Den größten Dank aber schulden wir dem Präsidenten dieses Hauses, Herrn Dr. Gerstenmaier, der gestern nachmittag in einer großen Krise unserer Arbeit, als wir alle bereits meinten, es sei hoffnungslos geworden, zu einer einstimmigen Verabschiedung dieses Gesetzes zu kommen, die Initiative ergriffen und es durch seine Verhandlungsführung geschafft hat, uns an einen Tisch und zu einer Meinung zu bringen. Ich glaube, nicht nur wir hier, sondern das ganze deutsche Volk schuldet ihm Dank, weil es sonst nämlich zu dem schrecklichen Ergebnis gekommen wäre, daß dieses für das Ansehen des deutschen Volkes so wichtige Gesetz hier in diesem Hause kontrovers verabschiedet worden wäre mit eventuell sehr harten Debatten, die unserem Ansehen ganz sicherlich nicht förderlich gewesen wären.
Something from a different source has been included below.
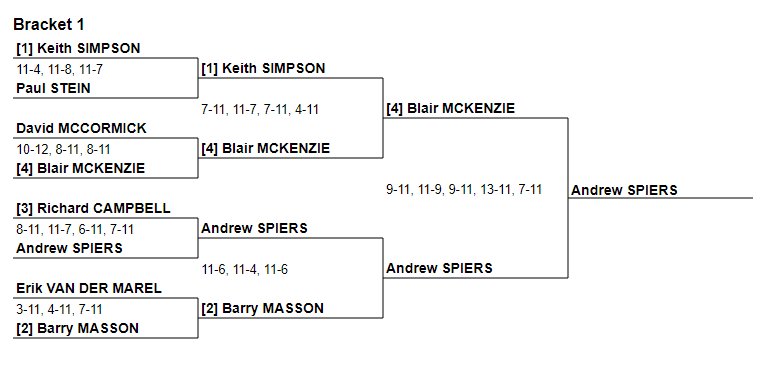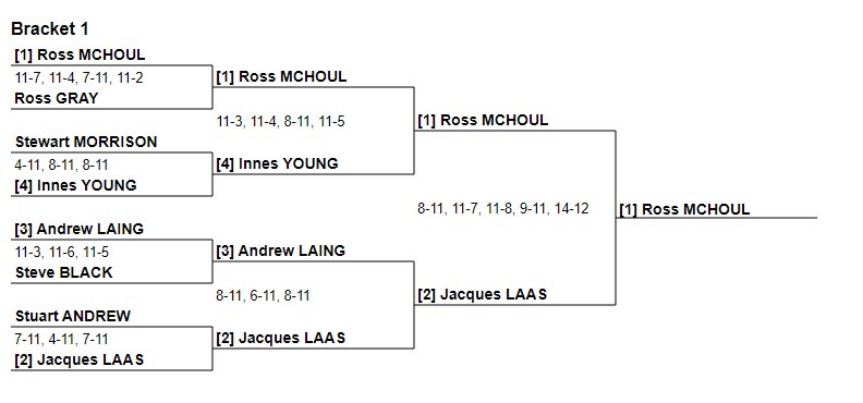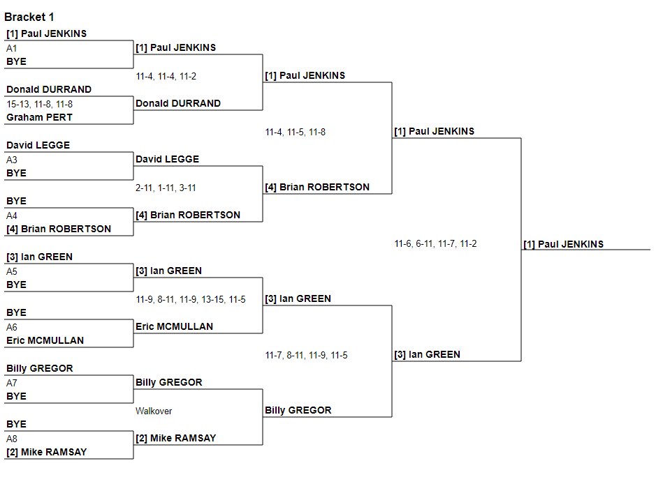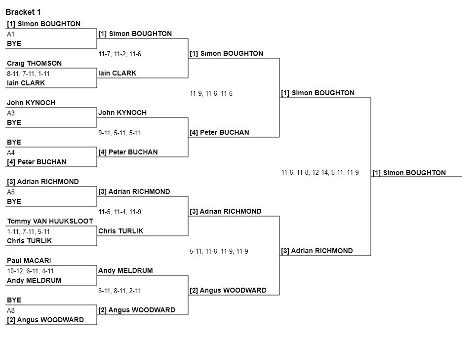 Alison Thomson was Ladies Champion, while Dougie Kempsell was men’s finalist. Senga Macfie, now representing Abercorn but long regarded as an ESC fixture comfortably exceeded her 5th seeding by reaching the Ladies final, and Edith Mackenzie was 7th. Rory Richmond was 6th in the men’s competition, beating his nemesis Kyle Penman en route. Full draw details are available here.

Nun, meine Damen und Herren, ich will mich kurz fassen, da wir Gott sei Dank - ich sage noch einmal ganz betont: Gott sei Dank - hier nicht mehr zu streiten brauchen. Ich möchte daher auch nicht mehr mit dem argumentieren, was der Herr Kollege Böhme, oder mit dem, was der Herr Finanzminister gesagt hat. Ich möchte nur der Ordnung halber betonen, Herr Minister, daß ich in einem Grundsatzpunkt, der bei unserer Entscheidung jetzt im Endergebnis allerdings keine Rolle gespielt hat, nach wie vor mit aller Entschiedenheit eine andere Meinung vertreten muß. Sie haben hier wiederum gesagt - und das ist immer der Standpunkt Ihres Hauses gewesen -, diejenigen, die im Zuge der Kriegsereignisse in den Strudel gerissen worden seien, hätten keine Ansprüche gegen uns, und es handle sich um freiwillige Leistungen ihnen gegenüber aus humanitären Erwägungen.
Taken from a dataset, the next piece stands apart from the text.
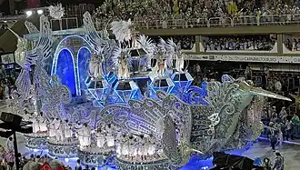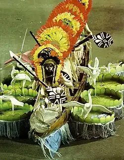 Desfile da Beija-Flor no carnaval de 1976, com destaque para a premiada alegoria do casal sonhando.

Ich halte diesen Standpunkt für falsch. Es ist vollkommen richtig, daß Leute, die in den Strudel der Kriegsereignisse geraten, nach dem Völkerrecht keine individuellen Schadensersatzansprüche gegen einen fremden Staat haben. Wessen Haus im Kriege zerstört wurde, wer gefallen ist, wer verwundet wurde, wem individuell von irgendeinem Soldaten Unrecht angetan wurde - was in jedem Kriege vorkommt -, der hat keinen individuellen Anspruch. Wenn aber ein Staat ausrückt, fremde Länder besetzt und im Rücken des anständigen, ehrlichen Frontsoldaten dann seine Schergen herausschickt, um planmäßig und bewußt und vorsätzlich Menschen zu
ermorden, dann ist das nicht eine Folge des Krieges,
sondern planmäßiger Mord im Rücken des Krieges.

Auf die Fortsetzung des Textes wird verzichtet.